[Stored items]
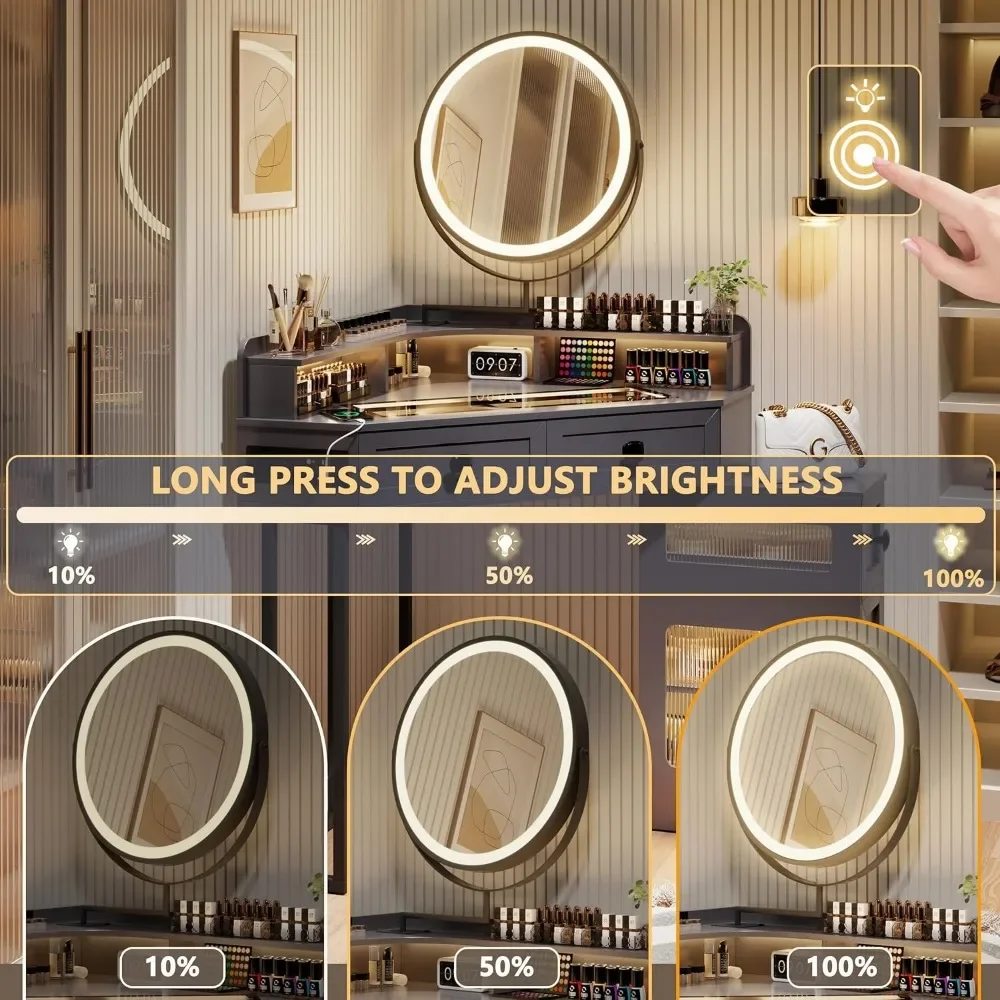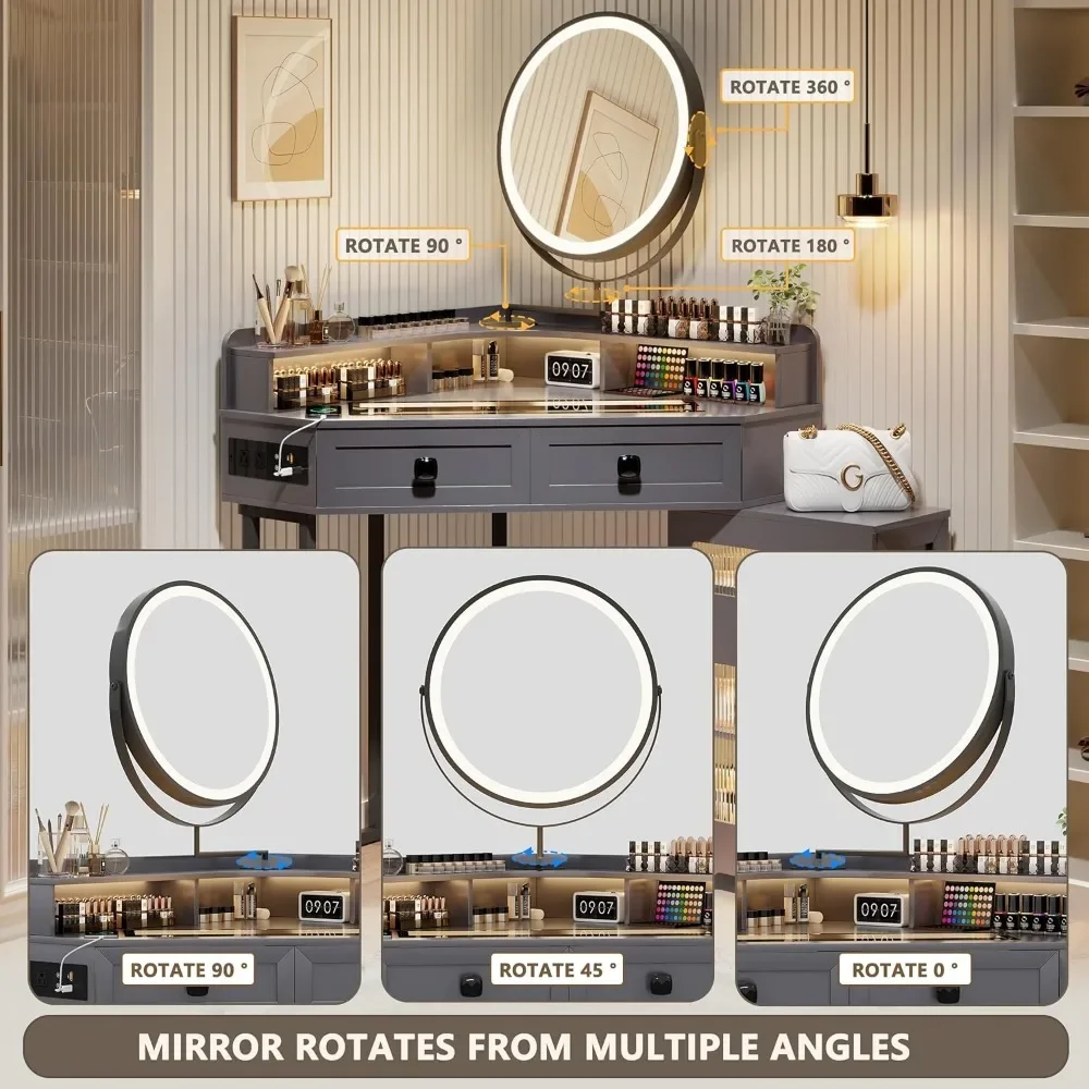 Corner Vanity with Mirror and Lights,Modern Makeup Vanity Set with Power Outlet,Large Storage Dressing Table with Drawers
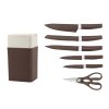 Sada kuchyňských nožů z nerezové oceli je vyrobena v elegantní hnědé barvě a je tak nejen praktickým doplňkem každé kuchyně. Nože jsou uloženy ve stojanu ve stejném provedení. Šetříte tak místo a víte, že máte ten správný nůž vždy po ruce.
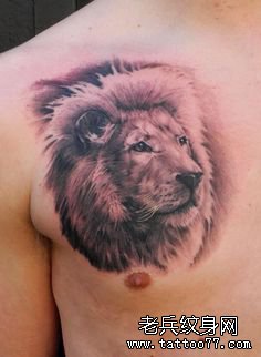 一款霸气的胸口狮子纹身图案
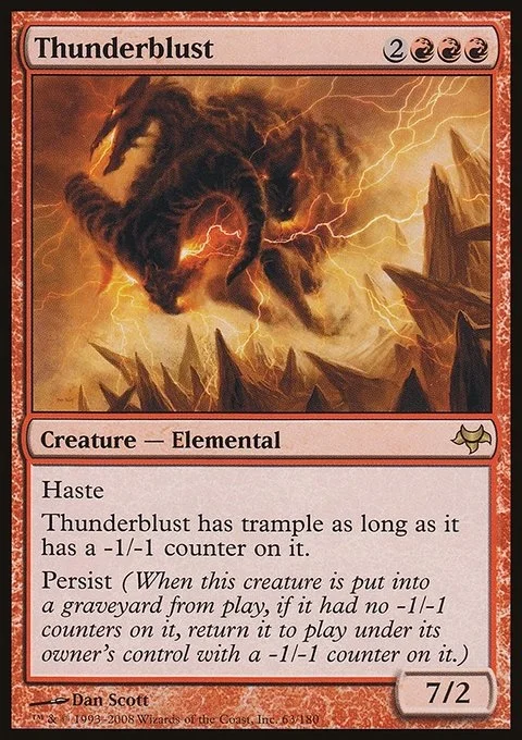 Haste Thunderblust has trample as long as it has a -1/-1 counter on it. Persist (When this creature dies, if it had no -1/-1 counters on it, return it to the battlefield under its owner's control with a -1/-1 counter on it.)
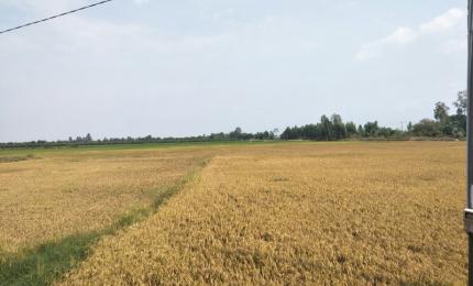 Cánh đồng lúa đang thu hoạch của huyện Giang Thành
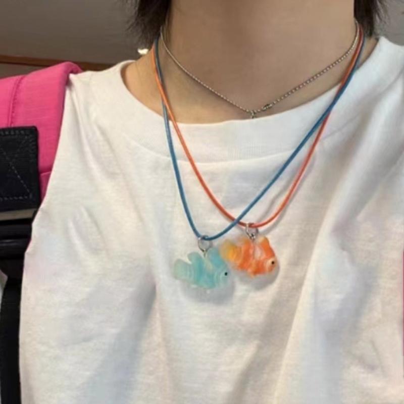 Geometry Clownfish Aesthetic Necklace Fashion Simple Clavicle Chain Women Girls Wax Line Necklace Party Birthday Gift
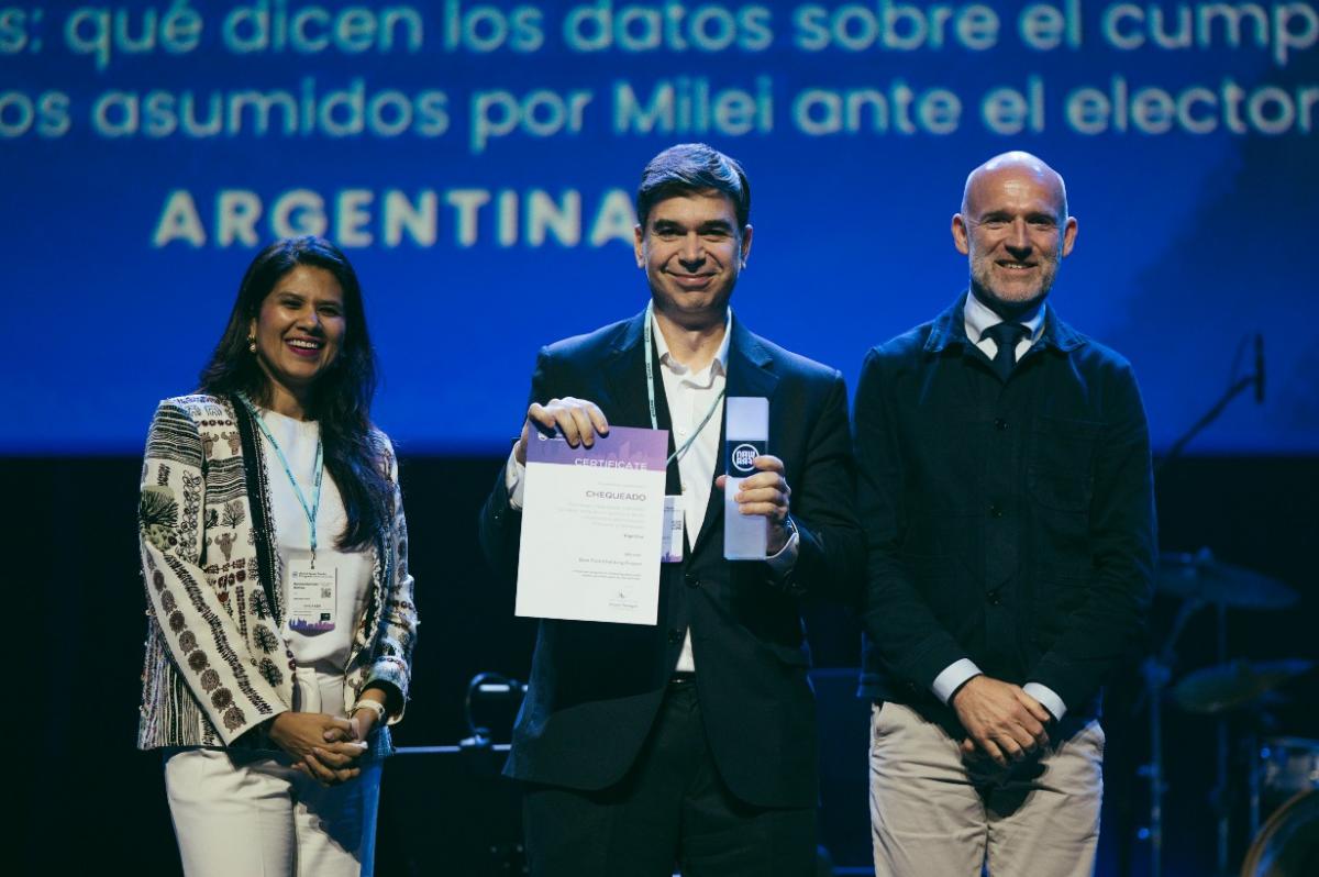 Chequeado fue la otra organización argentina en ser galardonada. En su caso, en la categoría “Mejor proyecto de Fact-Checking” por un relevamiento de las promesas de campaña de Javier Milei que alcanzó más de un millón de vistas y se convirtió en una sofisticada herramienta de fiscalización ciudadana. Daniel Dessein, representante argentino en la junta asesora de Wan-Ifra, recibió el premio en nombre de la organización que dirige el periodista Franco Piccato. Los detalles del trabajo pueden verse en este video: https://www.youtube.com/shorts/IUJjXfVXzts
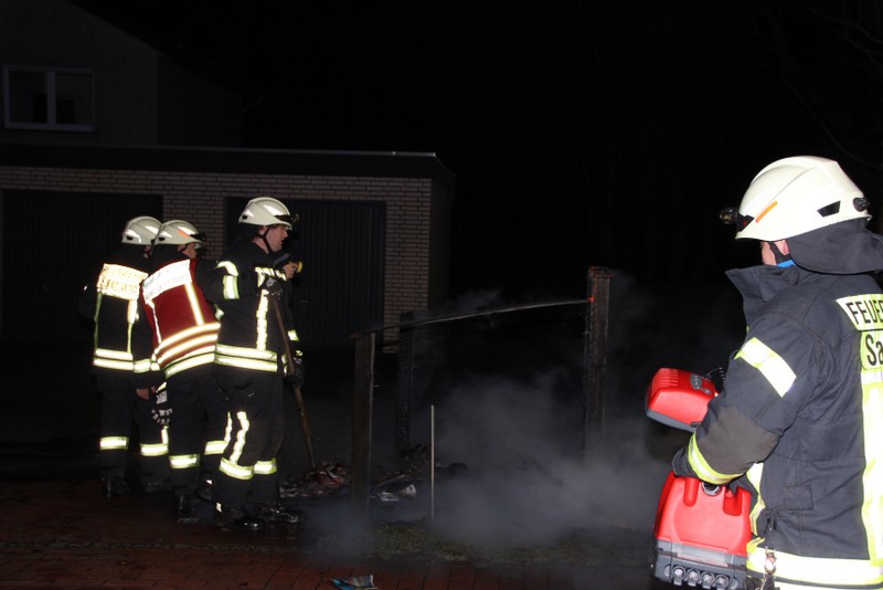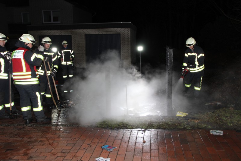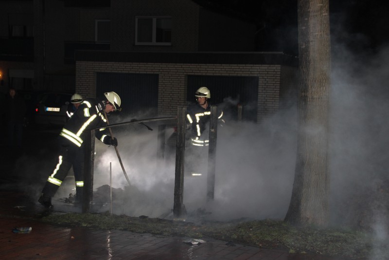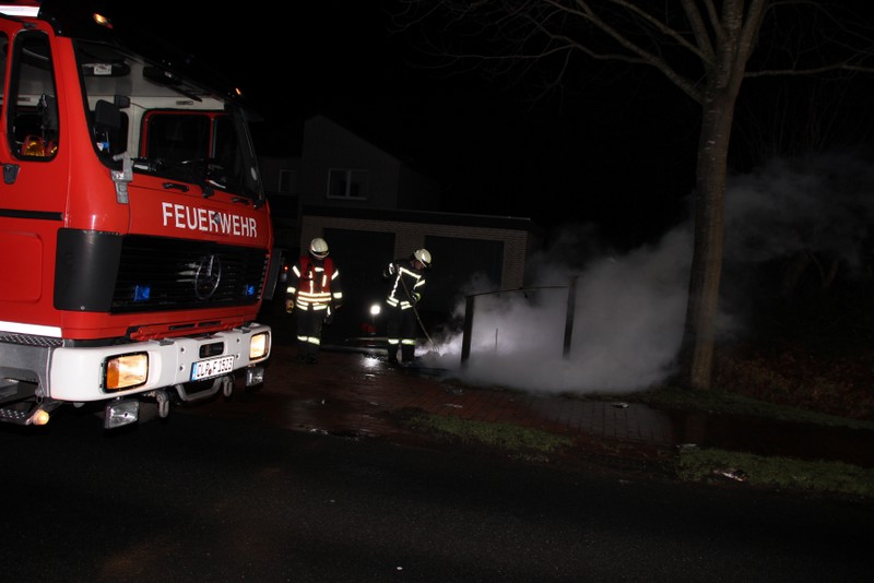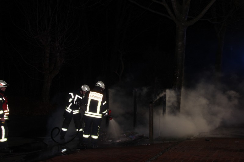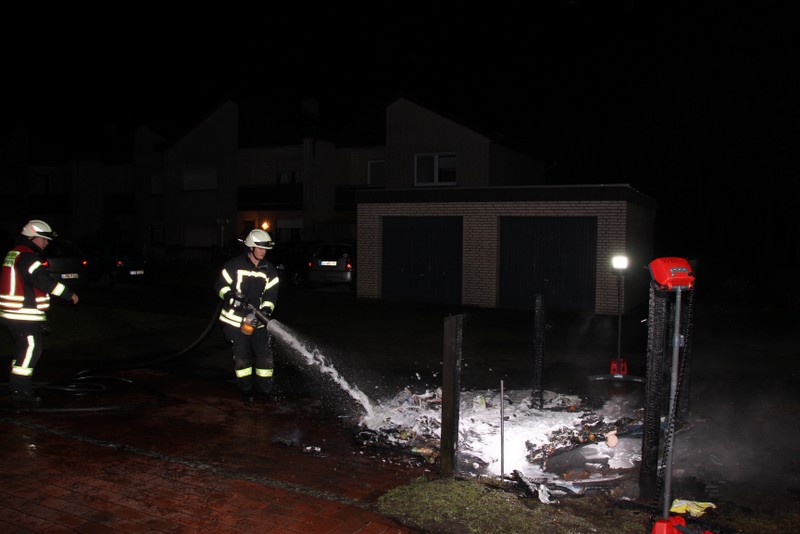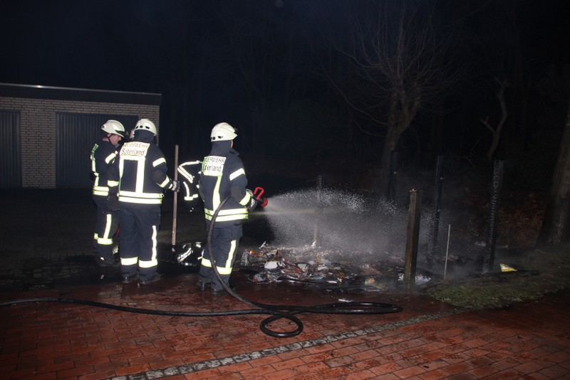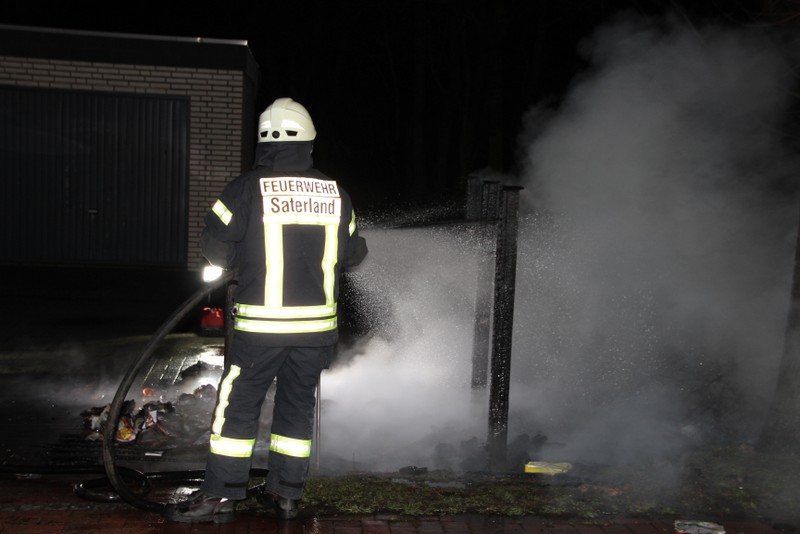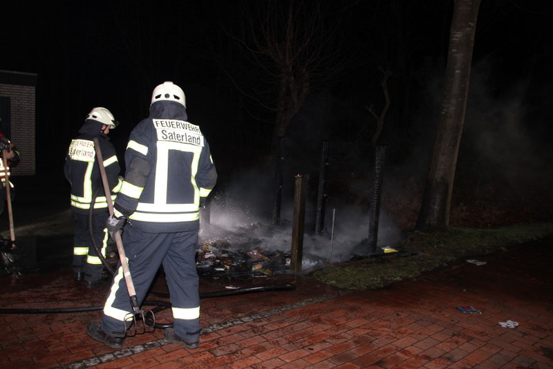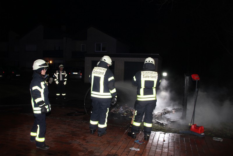 Zu einem Mülltonnenbrand an der Hauptstraße in Scharrel wurde die Feuerwehr Scharrel am Donnerstag gegen 02:10 Uhr gerufen. Beim Eintreffen der Wehr standen schon 5 Mülltonnen die unter einem Holzunterstand gelagert wurden in Vollbrand. Der Unterstand stand ca. 15m von einem Mehrfamilienhaus entfernt, durch das schnelle Eingreifen der Wehr wurde Schlimmeres verhindert. Wie die Tonnen in Brand geraten sind, ist noch unklar. Die Feuerwehr Scharrel war mit vier Fahrzeugen und 25 Kameraden vor Ort.

TASK DIRECTIONS: Would you please repeat only the lines above, beginning at the one that has "Geometry Clownfish Aesthetic" and stopping after the one that has "Chequeado fue la", exactly and with no pictures?

EXERCISE ANSWER:
 Geometry Clownfish Aesthetic Necklace Fashion Simple Clavicle Chain Women Girls Wax Line Necklace Party Birthday Gift
 Chequeado fue la otra organización argentina en ser galardonada. En su caso, en la categoría “Mejor proyecto de Fact-Checking” por un relevamiento de las promesas de campaña de Javier Milei que alcanzó más de un millón de vistas y se convirtió en una sofisticada herramienta de fiscalización ciudadana. Daniel Dessein, representante argentino en la junta asesora de Wan-Ifra, recibió el premio en nombre de la organización que dirige el periodista Franco Piccato. Los detalles del trabajo pueden verse en este video: https://www.youtube.com/shorts/IUJjXfVXzts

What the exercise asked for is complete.